Bren swivels to face her, and the cool annoyance on his face ignites her most vulnerable fears.
“You sound unhinged.”
“Oh, fuck you,” she snaps.
“Or maybe listen for a goddamn second instead of always attacking anyone who suggests—”
“Suggests I’m not doing my best for my kid?”
“I didn’t even say that!” His ears flush red, muscles in his jaw rippling in a way that screams danger.
She doesn’t care. Her voice is rising, anger a throttling force that upends her words and fills them with something white-hot. “You don’t trust me. You don’t think I’m capable or smart or—or remotely able to save myself.”
Something dark flashes in his eyes, a molten fury that would burn to the touch. “You couldn’t save yourself or Jude and you fucking know it. Don’t act like anything was under control, because it wasn’t.”
“I didn’t need you to rescue me.”
“You did.” It’s a snarl. “You needed me then and you need me now, so take a second to remember you have nothing without me.”
She could strike him. Her bruised hand rises, though there is no energy in it, and when he grabs her wrist, he is all steel and iron edges.
She wants to throw herself against him, to cut and be cut, to bleed out in pure vindictive pleasure.
Her fury is a bottomless well, and she wants to let loose, to rage in a way she has never allowed herself to in front of him.
Only, she isn’t meant to be angry. She is sweet Elodie January, delicate and quiet and reserved, no fractures showing on her porcelain veneer.
Bren tightens his grip on her. “No one is going to take him from you unless you keep acting deranged. Calm. The hell. Down. Don’t make me fix this in ways you won’t like.”
“Then let me put him in preschool!”
“Fine! Fuck. Fine. But I’ll enroll him. I’ll do the paperwork so you don’t screw it up. And in return you are going to let me handle him. You clearly can’t do it, so I will. And”—his voice turns rusted and rough—“you will trust me. Stop fighting me. Stop destroying my house.”

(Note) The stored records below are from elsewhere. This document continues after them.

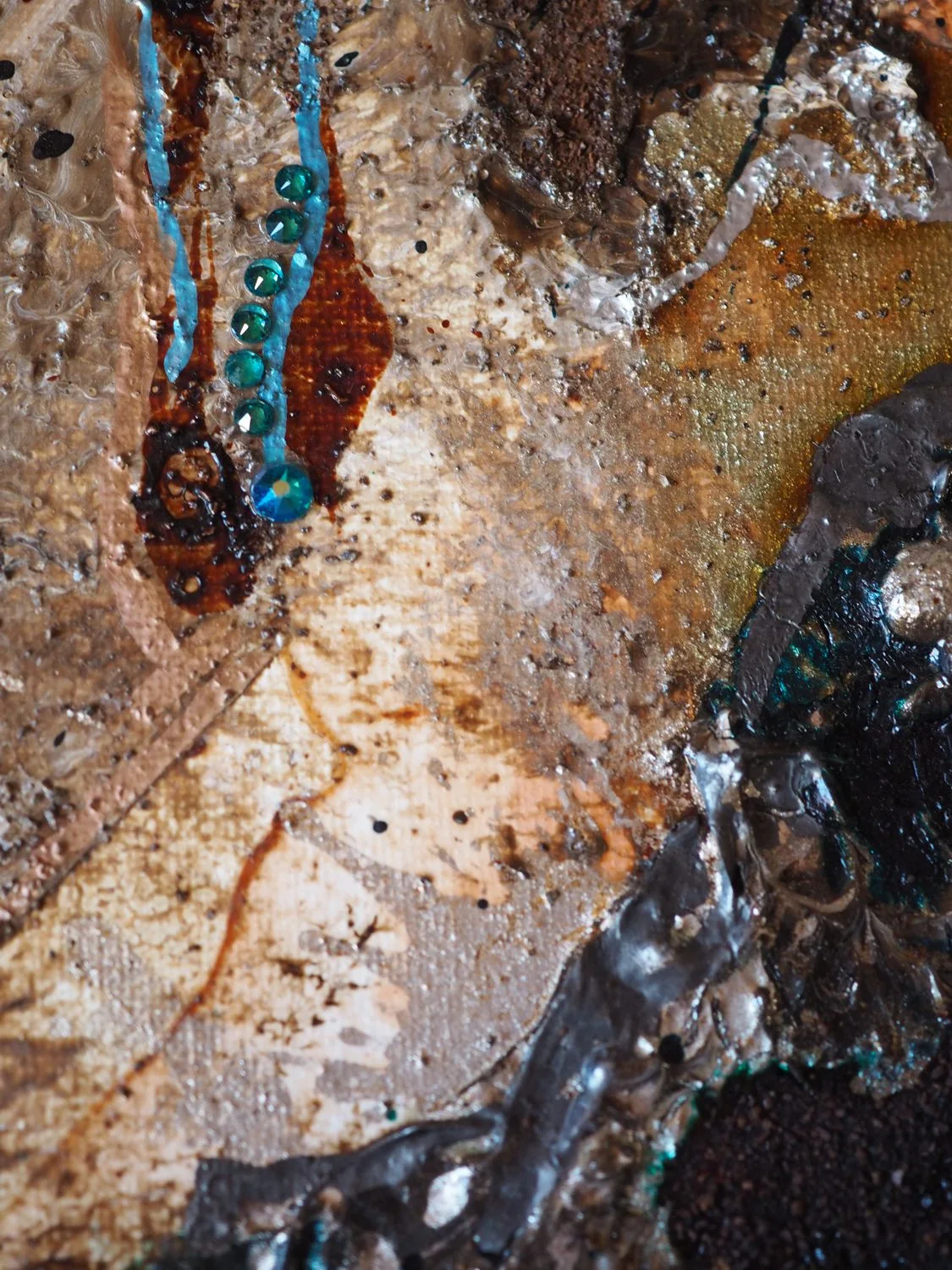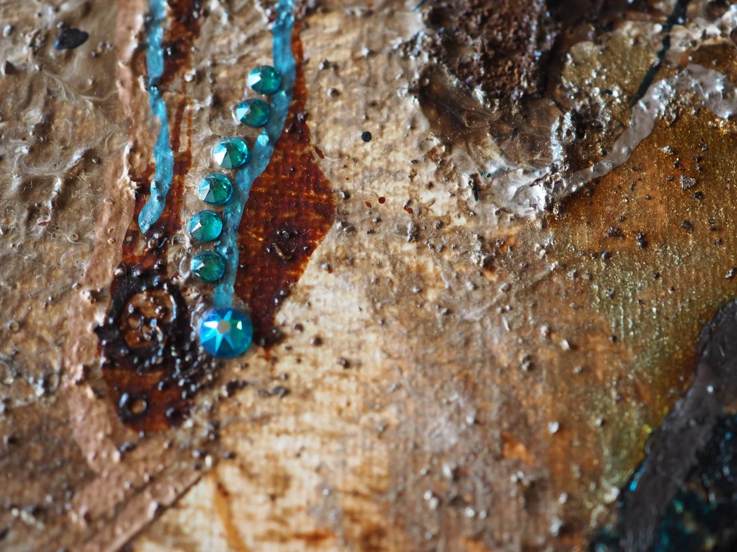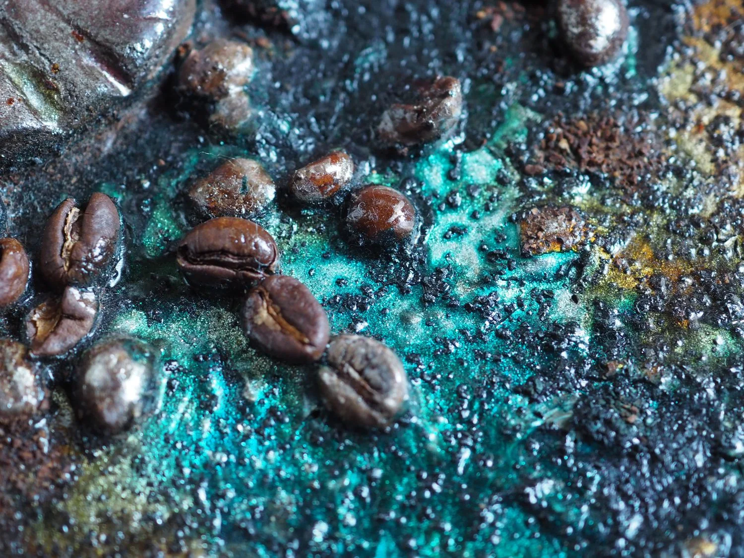 Vielfältige Acrylmalerei-Techniken, kombiniert mit echten Kaffeebohnen und Kaffee in verschiedenen Konsistenzen, Schellacktusche und Dekoglas.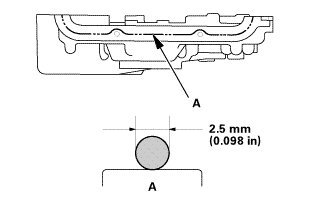 * Apply a 2.5 mm (0.098 in) diameter bead of liquid gasket along the broken line (A).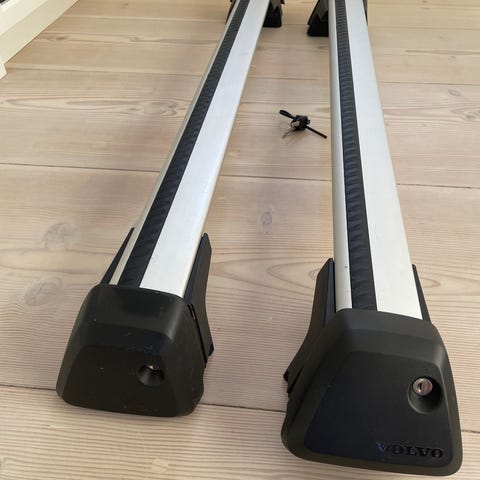 Tagbøjler fra Volvo, fra 2022. Sættet består af to tværgående tagbøjler i aluminium, med sort plastfod og integreret lås. Bøjlerne er vingeformede for lav vindmodstand og støj, og velegnede til montering på bilens tag for transport af f.eks. tagboks, cykelholder eller andet taglastsystem. Passer til Volvo XC60 2.0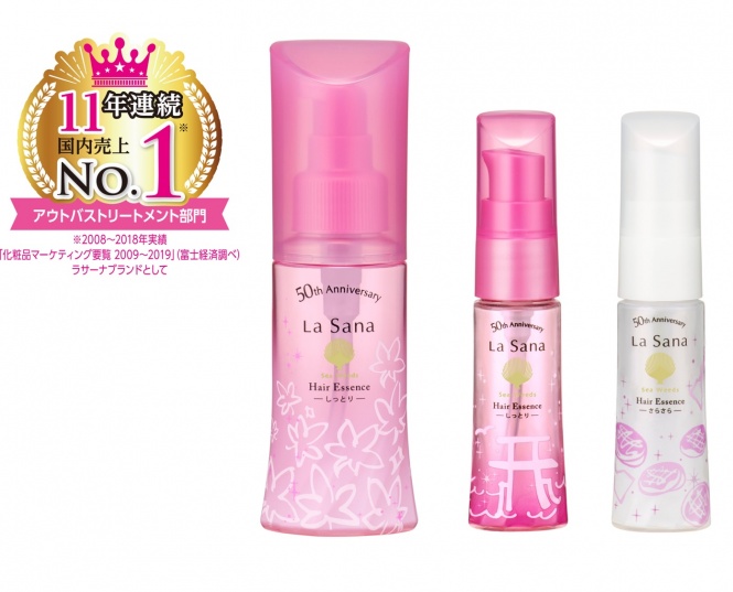 このデザインは、「ラサーナ 海藻 ヘア エッセンス しっとり」の75mlと25mlのサイズ、「ラサーナ 海藻 ヘア エッセンス さらさら」の25mlのサイズで展開される。

“Threaten me again,” she whispers, “and I will kill you.”
He yanks her closer and she cries out. His mouth is so close to hers. “Then stop being hysterical.”
The angle of her chin is regal, almost haughty, and she brings her free hand up to wrap about his throat. Her skin is so cold, his a furnace.
“What if I say no?”
“You won’t say no,” he says.
She shoves him back against the pillows and he goes down easily, his grip on her wrist loosening only so he can take hold of her hips as she straddles him.

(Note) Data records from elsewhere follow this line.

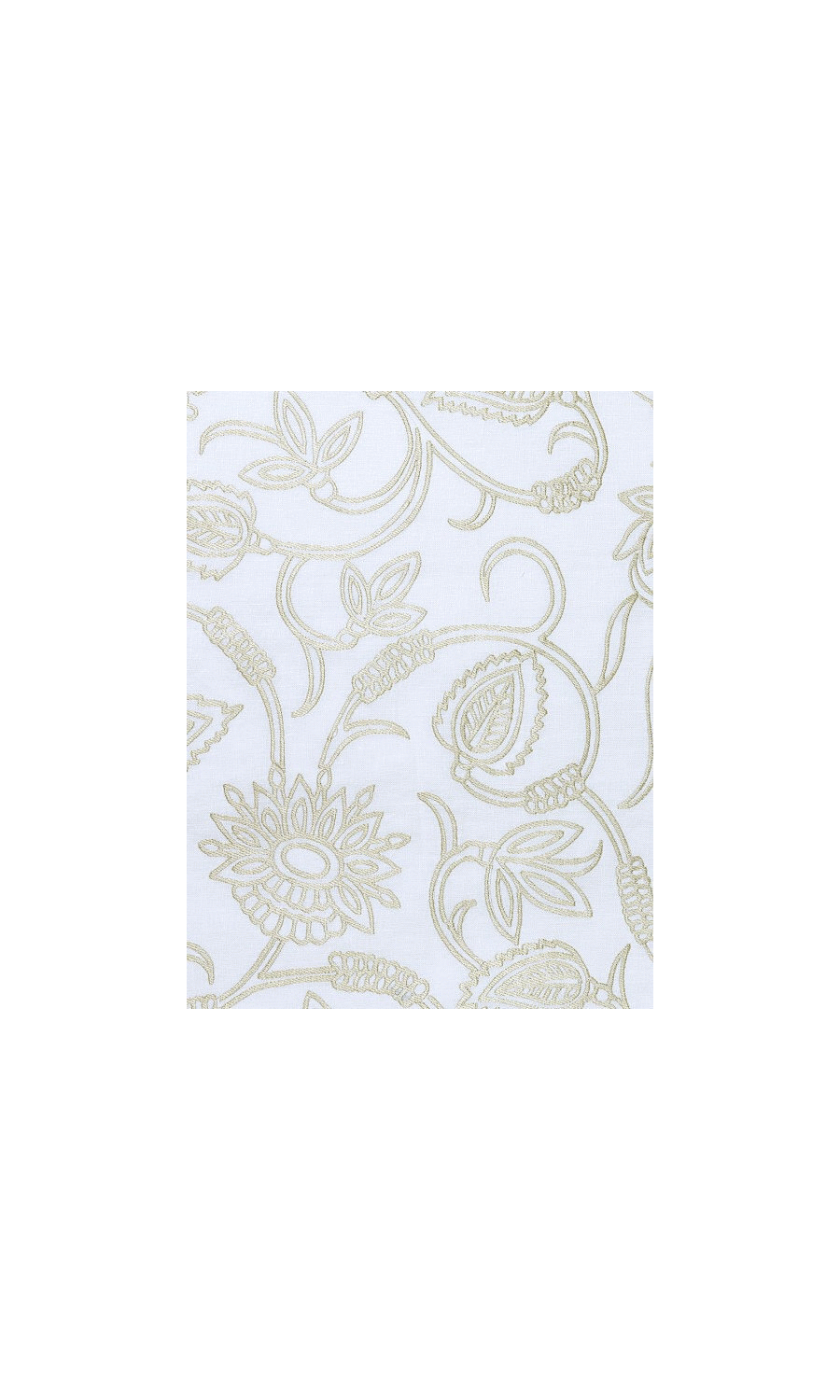 Bringing opulence to linen, our Leh collection is an offering of delicately embroidered pure linen fabrics in natural and white. The traditional motifs and intricate details bring richness and elegance to this most minimalistic of fabrics. Leh Manya features 100% bright white linen with elegant floral embroidery overall. A perfect piece for decor enthusiasts who like the simplicity of linen but want something a little bit more than the usual monochrome.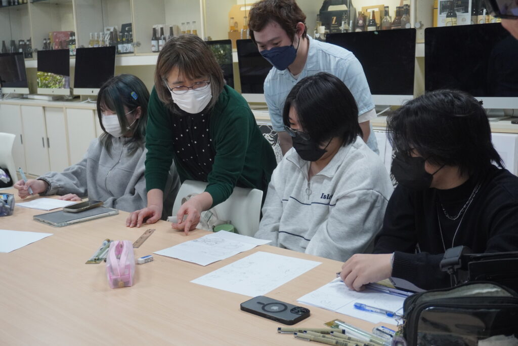 《圖說》金築順子老師(左二)指導學員四格漫畫手繪技巧。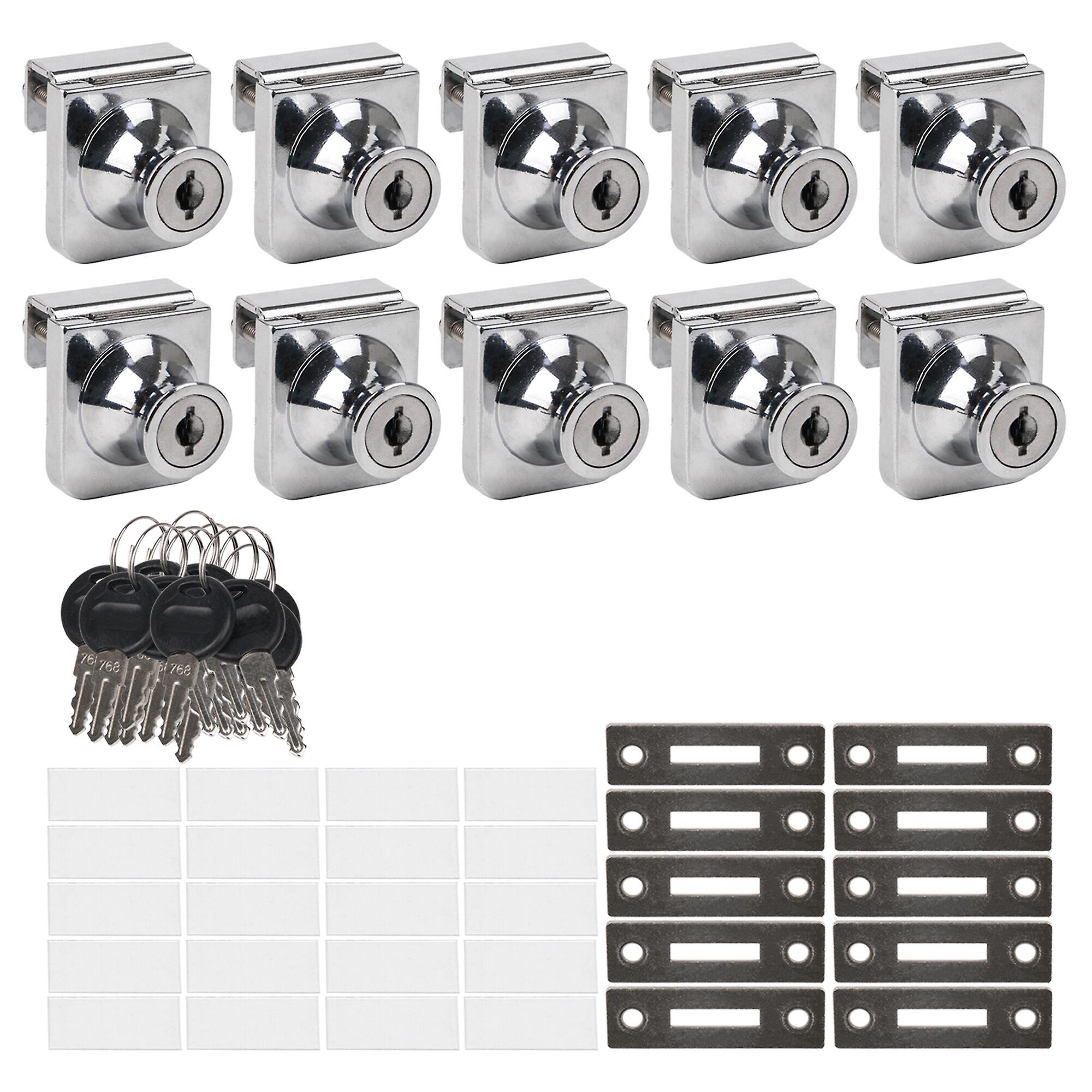 10 x Glass Door Push Lock 1.38Inchx1.18Inch Silver Stainless Steel with 20 Key

When she kisses him, there is only fury as their teeth crack together, as he snarls something appreciative and hungry into her mouth, and then takes a fistful of her hair.

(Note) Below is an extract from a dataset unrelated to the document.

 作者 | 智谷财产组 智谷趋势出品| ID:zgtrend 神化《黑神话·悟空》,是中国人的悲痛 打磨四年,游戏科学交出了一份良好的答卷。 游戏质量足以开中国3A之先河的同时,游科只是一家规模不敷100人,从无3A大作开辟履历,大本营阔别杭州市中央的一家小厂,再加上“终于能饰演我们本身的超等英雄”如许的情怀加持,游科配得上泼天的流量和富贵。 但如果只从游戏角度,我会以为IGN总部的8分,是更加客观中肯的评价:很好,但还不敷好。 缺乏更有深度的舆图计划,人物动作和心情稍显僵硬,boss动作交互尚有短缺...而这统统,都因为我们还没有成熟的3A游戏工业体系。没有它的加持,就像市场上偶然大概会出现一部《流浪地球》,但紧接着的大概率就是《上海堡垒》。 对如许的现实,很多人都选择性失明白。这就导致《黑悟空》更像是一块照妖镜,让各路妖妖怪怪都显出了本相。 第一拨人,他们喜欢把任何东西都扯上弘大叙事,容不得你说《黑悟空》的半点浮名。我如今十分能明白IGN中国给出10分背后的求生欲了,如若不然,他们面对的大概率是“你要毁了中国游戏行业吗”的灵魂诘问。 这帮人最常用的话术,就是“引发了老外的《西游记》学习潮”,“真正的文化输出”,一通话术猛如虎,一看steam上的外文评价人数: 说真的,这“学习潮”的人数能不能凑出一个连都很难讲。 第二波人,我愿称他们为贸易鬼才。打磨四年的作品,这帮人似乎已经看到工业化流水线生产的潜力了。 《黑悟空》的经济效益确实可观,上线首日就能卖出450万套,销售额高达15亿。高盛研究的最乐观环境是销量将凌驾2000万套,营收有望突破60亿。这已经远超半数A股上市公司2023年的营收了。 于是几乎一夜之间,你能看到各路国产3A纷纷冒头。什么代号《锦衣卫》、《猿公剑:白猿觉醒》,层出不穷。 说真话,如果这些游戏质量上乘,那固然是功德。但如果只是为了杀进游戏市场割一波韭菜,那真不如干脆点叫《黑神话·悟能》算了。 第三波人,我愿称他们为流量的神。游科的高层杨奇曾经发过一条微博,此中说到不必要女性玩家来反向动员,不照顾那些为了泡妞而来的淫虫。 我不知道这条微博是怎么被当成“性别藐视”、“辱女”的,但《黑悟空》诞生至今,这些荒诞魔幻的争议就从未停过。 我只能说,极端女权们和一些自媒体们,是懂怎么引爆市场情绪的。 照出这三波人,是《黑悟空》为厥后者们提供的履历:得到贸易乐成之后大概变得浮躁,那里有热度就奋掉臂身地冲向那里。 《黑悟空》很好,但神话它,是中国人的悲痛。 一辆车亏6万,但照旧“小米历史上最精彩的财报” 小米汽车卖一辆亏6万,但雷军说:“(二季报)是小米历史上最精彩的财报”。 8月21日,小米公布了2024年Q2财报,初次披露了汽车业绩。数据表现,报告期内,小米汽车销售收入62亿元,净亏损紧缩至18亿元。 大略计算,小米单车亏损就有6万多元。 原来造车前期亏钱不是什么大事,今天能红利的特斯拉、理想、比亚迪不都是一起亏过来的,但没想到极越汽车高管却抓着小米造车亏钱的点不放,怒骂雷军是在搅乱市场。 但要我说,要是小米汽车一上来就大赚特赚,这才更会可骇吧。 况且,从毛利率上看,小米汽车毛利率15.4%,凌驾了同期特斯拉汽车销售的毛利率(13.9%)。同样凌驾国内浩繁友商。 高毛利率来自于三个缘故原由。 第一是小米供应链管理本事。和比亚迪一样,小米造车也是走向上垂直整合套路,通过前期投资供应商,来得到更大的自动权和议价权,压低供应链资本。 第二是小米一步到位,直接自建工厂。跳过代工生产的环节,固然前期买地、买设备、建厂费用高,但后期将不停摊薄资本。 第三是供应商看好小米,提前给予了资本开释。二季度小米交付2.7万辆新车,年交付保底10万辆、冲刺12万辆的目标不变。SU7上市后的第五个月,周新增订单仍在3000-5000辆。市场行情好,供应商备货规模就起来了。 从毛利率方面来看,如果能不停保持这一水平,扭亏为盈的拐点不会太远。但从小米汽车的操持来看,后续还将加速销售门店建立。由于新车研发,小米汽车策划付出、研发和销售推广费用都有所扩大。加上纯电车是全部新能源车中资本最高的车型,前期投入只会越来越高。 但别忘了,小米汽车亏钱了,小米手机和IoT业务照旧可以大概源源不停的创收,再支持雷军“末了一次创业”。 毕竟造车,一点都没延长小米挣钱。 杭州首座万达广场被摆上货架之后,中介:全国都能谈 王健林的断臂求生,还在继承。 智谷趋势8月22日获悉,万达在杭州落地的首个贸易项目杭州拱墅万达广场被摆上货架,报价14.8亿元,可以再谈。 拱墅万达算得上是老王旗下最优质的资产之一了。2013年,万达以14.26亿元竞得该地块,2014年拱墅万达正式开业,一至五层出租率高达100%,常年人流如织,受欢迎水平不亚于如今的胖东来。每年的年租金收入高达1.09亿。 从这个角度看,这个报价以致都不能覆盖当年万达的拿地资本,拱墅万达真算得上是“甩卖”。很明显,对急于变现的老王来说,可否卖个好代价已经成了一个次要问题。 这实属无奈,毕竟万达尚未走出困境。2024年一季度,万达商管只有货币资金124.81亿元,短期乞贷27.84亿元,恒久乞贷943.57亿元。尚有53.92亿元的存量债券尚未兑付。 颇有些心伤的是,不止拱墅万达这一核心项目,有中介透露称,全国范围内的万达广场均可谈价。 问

Too tight, too hard. Everything between them is cut glass and black frost, and she loves him, she hates him, as she yanks down his pajama pants and makes him groan.
His anger is already morphing into enamored want, and she knows he likes this.
When she is feral. Blood in his mouth. Bruises forming where she bit.
“Just know this,” she says. “I will always love him more than you.”
“Oh, I know.”
Bren is breathing fast as he pushes her off and then rolls so their positions are reversed. He on her this time, his weight suffocating, maddening, addicting.
“You always do this when we fight,” he murmurs into her neck. “You don’t have to. Arguments don’t have to end in sex.”
But she needs to know he still wants her.
“I’m not letting you go,” he says. “I couldn’t bear it. I need you.”
She needs to be wanted. She needs to be touched. She needs this.
He pulls off her shirt, then her sweatpants, his kisses growing more frantic. She wants to dig into his chest, carve out mounds of meat and oozing organs with her fingernails until there is space enough for her to worm inside him.
When there is nothing left of their fight—the consuming heat and ravenous hunger now whittled down to lust alone—she stops feeling like she’s falling.
She is calm again. She is in control.
“I love you so much I can’t bear it.” The anguished tremble in his voice thrills her. “Say you need me.”
She presses her face into the sweaty crook of his neck with a small, whimpered gasp. “I need you.”
“This house is for you.” He is everywhere; he is everything. “This house is you.”
She thinks, in a distant way, as she kisses him, that she doesn’t understand what he means.